Insitekaltim, Samarinda – Kalimantan Timur (Kaltim) dinilai belum memiliki arah kerja yang jelas dalam membangun sistem perlindungan anak. Ketiadaan roadmap dan lemahnya regulasi menyebabkan program perlindungan cenderung tambal sulam dan tidak terukur dampaknya.
Penilaian ini muncul dalam rapat dengar pendapat (RDP) antara Komisi IV DPRD Kaltim dengan Komisi Perlindungan Anak Daerah (KPAD) dan Dinas Pemberdayaan Perempuan dan Perlindungan Anak (DP3A) di Gedung DPRD Kaltim, Senin, 21 Juli 2025.
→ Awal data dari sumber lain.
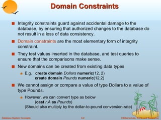 The document discusses various aspects of database integrity and security including domain constraints, referential integrity, triggers, assertions, and authorization. Domain constraints ensure values inserted are valid. Referential integrity ensures relationships between relations are maintained. Triggers allow automatic execution of actions on data modifications. Assertions specify conditions that should always be true. Authorization controls user access to data and modifications. Views can provide secure access to restricted data.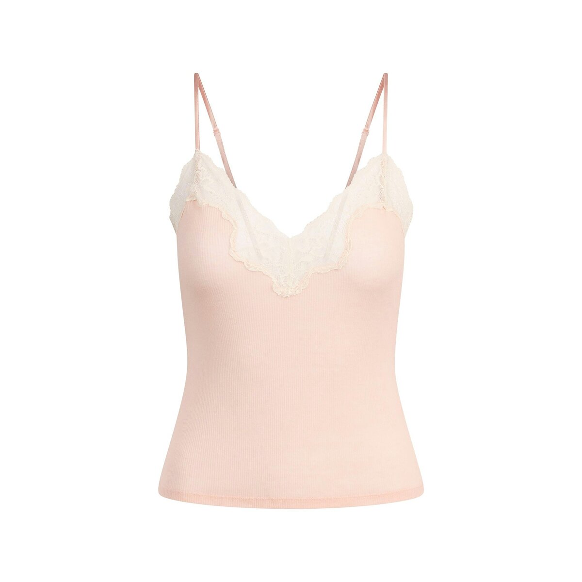 Set for summer. Designed in our sheer ribbed fabric, this relaxed cami and short set features adjustable satin straps, a thin satin elastic waistband, and feminine lace trim details. Fits true to size.

Anggota Komisi IV DPRD Kaltim dari Fraksi PKS Agusriansyah Ridwan menyoroti belum adanya perencanaan jangka menengah yang konkret. Menurutnya, tanpa dokumen kerja yang terarah, lembaga seperti KPAD akan sulit mengakses anggaran dan gagal mendorong kebijakan lintas sektor.
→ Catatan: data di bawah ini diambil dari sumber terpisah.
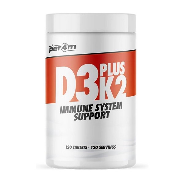 Vitamin D3 Plus K2 de Per4m es un suplemento en tabletas de alta gama formulado para brindar un sólido apoyo al sistema inmunológico y promover una salud ósea óptima.

“Kalau tidak ada roadmap, kerja mereka sering tidak terdeteksi. Akhirnya sulit diukur dan tidak berdampak,” ucap Agusriansyah usai RDP.
Dari 10 kabupaten/kota di Kalimantan Timur, hanya Mahakam Ulu yang belum menyandang predikat layak anak. Ia menganggap kondisi ini sebagai indikator lemahnya sistem perlindungan yang seharusnya dibangun melalui kerja kolaboratif antarlembaga.
Data dari Sistem Informasi Online Perlindungan Perempuan dan Anak (Simfoni PPA) menunjukkan tren kekerasan terhadap anak kembali meningkat pada 2024, setelah sempat turun di tahun sebelumnya. Samarinda tercatat sebagai wilayah dengan angka kekerasan anak tertinggi.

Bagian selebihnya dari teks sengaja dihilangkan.